Because of Miss Bridgerton

Page 12

“Not years,” George said.

“Not years,” Andrew agreed, “but it felt like it, didn’t it?” He leaned down toward Billie, close enough to give her a little nudge. “You missed me, didn’t you, Goatrix? Come now, admit it.”

“Give her some room,” George said irritably.

“Oh, she doesn’t mind.”

“Give me some room.”

“An entirely different matter,” Andrew said with a laugh.

George started to scowl, but then his head snapped up. “What did you just call her?”

“He frequently likens me to a goat,” Billie said in the flat tone of one who has given up taking offense.

George looked at her, then looked at Andrew, then just shook his head. He’d never understood their sense of humor. Or maybe it was just that he’d never been a part of it. Growing up, he had always felt so separate from the rest of the Rokesbys and Bridgertons. Mostly by virtue of his age – five years older than Edward, who was the next one down the line – but also by his position. He was the eldest, the heir. He, as his father was quick to remind him, had responsibilities. He couldn’t bloody well frolic about the countryside all day, climbing trees and breaking bones.

Edward, Mary, and Andrew Rokesby had been born in quick succession, separated from each other by barely a year. They, along with Billie, who was almost precisely Mary’s age, had formed a tight little pack that did everything together. The Rokesby and Bridgerton homes were a mere three miles apart, and more often than not the children had met somewhere in the middle, at the brook that separated the estates, or in the treehouse Lord Bridgerton had had built at Billie’s insistence in the ancient oak by the trout pond.
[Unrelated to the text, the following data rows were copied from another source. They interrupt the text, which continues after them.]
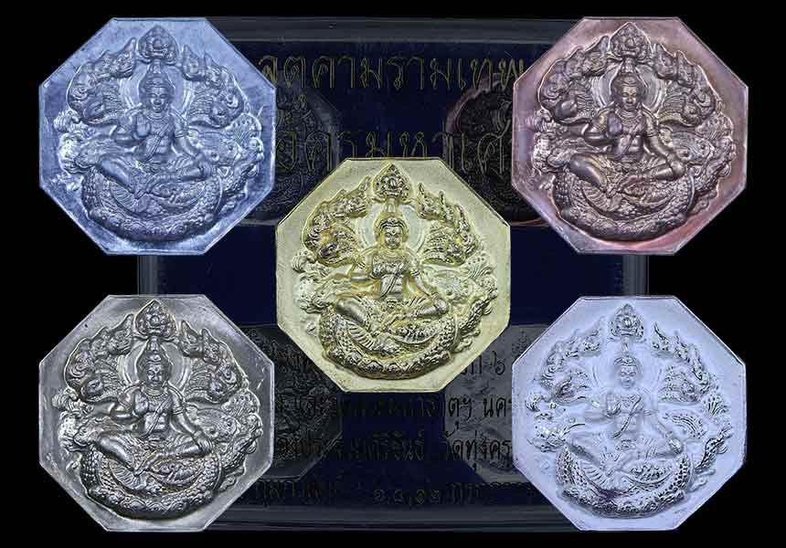 เหรียญจตุคามรามเทพ รุ่น " อัครมหาเศรษฐี " 1 ชุด ประกอบด้วย เหรียญชุบทองพ่นทราย ชุบเงินพ่นทราย เนื้อตะกั่ว เนื้อแร่ผสม และเนื้อทองแดง พิมแปดเหลี่ยม มีโค้ชทุกเหรียญ ขนาด 3.5 cm พร้อมกล่อง |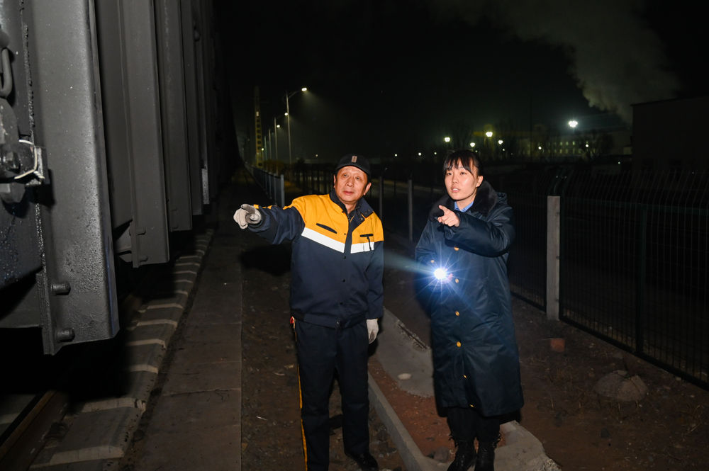 ↑1月20日,在包頭貨運中心大牛地車間,張芳(右)和同事在查看貨運列車情況。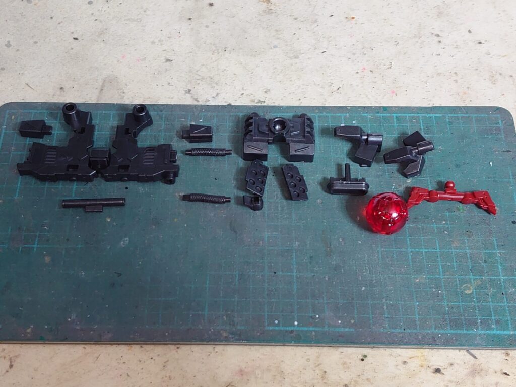 後は背面装甲パーツとキャップパーツを用意して、先ほど組み立てた頭部や胸部と組み合わせましょう。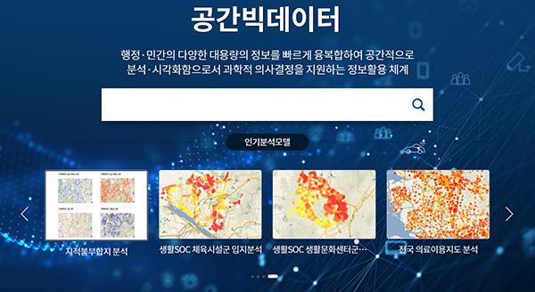 ▲ 공간빅데이터 분석플랫폼(www.geobigdata.go.kr) 메인화면.공간빅데이터 표준분석모델이란 공간정보를 기반으로 각종 정책결정 등에 활용할 수 있도록 데이터의 형식과 분석절차 등을 표준화한 모델이다.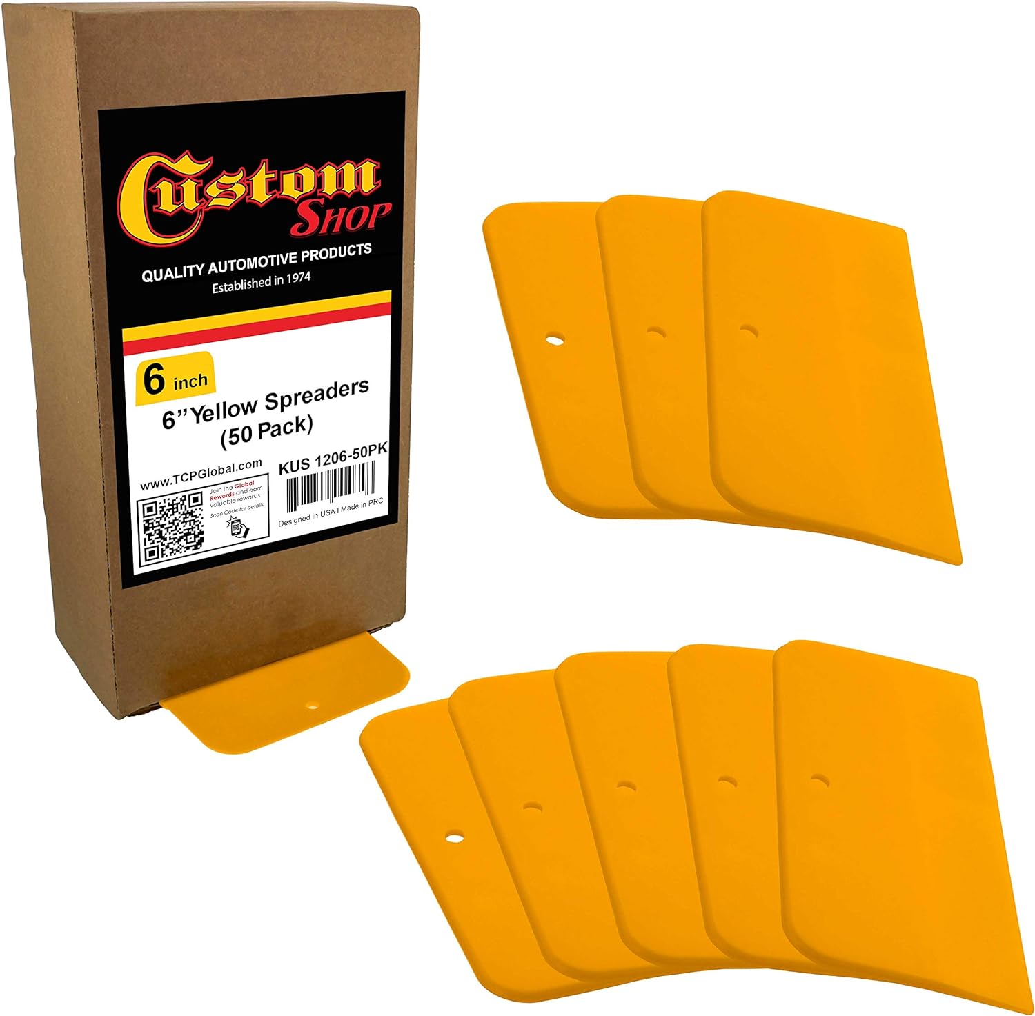 Custom Shop 6 Inch Plastic Body Filler Spreader Tools for Automotive Body Fillers (50 Pack), Putties, Glazes, Epoxy Resin, Caulk, Glues - Plastic Spreader Tool

Most of the time George wasn’t sure what specific mischief they’d got up to, but his siblings had tended to come home filthy and hungry and in blooming good spirits.

He hadn’t been jealous. Really, they were more annoying than anything else. The last thing he’d wanted to do when he came home from school was muck about with a pack of wild urchins whose average age didn’t even scrape into the double digits.

But he had been occasionally wistful. What would it have been like if he’d had such a close cadre of companions? He’d not had a true friend his own age until he left for Eton at the age of twelve. There simply hadn’t been anyone to befriend.

But it mattered little now. They were all grown, Edward in the army and Andrew in the navy and Mary married off to George’s good friend Felix Maynard. Billie, too, had passed the age of majority, but she was still Billie, still romping around her father’s property, still riding her too-spirited mount like her bones were forged of steel and flashing her wide smile around the village that adored her.

And as for George… He supposed he was still himself, too. Still the heir, still preparing for responsibility even as his father relinquished none of it, still doing absolutely nothing while his brothers took up their arms and fought for the Empire.

He looked down at his own arms, currently cradling Billie as he carried her home. It was quite possibly the most useful thing those arms had done in years.

“We should take you to Crake,” Andrew said to Billie. “It’s closer, and then you’ll be able to stay for dinner.”

“She’s hurt,” George reminded him.

“Pfft. When has that ever stopped her?”

“Well, she’s not dressed properly,” George said. He sounded like a prig and he knew it, but he was feeling unaccountably irritated, and he couldn’t very well take it out on Billie while she was injured.

“I’m sure she can find something to wear in Mary’s wardrobe,” Andrew said dismissively. “She didn’t take everything with her when she got married, did she?”

“No,” Billie said, her voice muffled against George’s chest. It was funny, that, how one could feel sound through one’s body. “She left quite a bit behind.”

“That settles it, then,” Andrew said. “You’ll come for supper, you’ll spend the night, and all will be right with the world.”

George gave him a slow look over his shoulder.

“I’ll stay for supper,” Billie agreed, moving her head so that her voice slid out into the air instead of George’s body, “but then I’ll go home with my family. I’d much rather sleep in my own bed, if you don’t mind.”

George stumbled.

“You all right?” Andrew queried.

“It’s nothing,” George muttered. And then, for no reason he could discern, he was compelled to add, “Just one of those things when one of your legs goes weak for a moment and bends a bit.”

Andrew gave him a curious look. “Just one of those things, eh?”

“Shut up.”

Which only made Andrew laugh.

“I have those,” Billie said, looking up at him with a little smile. “When you’re tired and you don’t even realize it. And your leg surprises you.”

“Exactly.”

She smiled again, a smile of kinship, and it occurred to him – although not, he realized with some surprise, for the first time – that she was actually rather pretty.

Her eyes were lovely – a deep shade of brown that was always warm and welcoming, no matter how much ire might lie in their depths. And her skin was remarkably fair for one who spent as much time out of doors as she did, although she did sport a light sprinkling of freckles across her nose and cheeks. George couldn’t remember if they’d been there when she was young. He hadn’t really been paying attention to Billie Bridgerton’s freckles.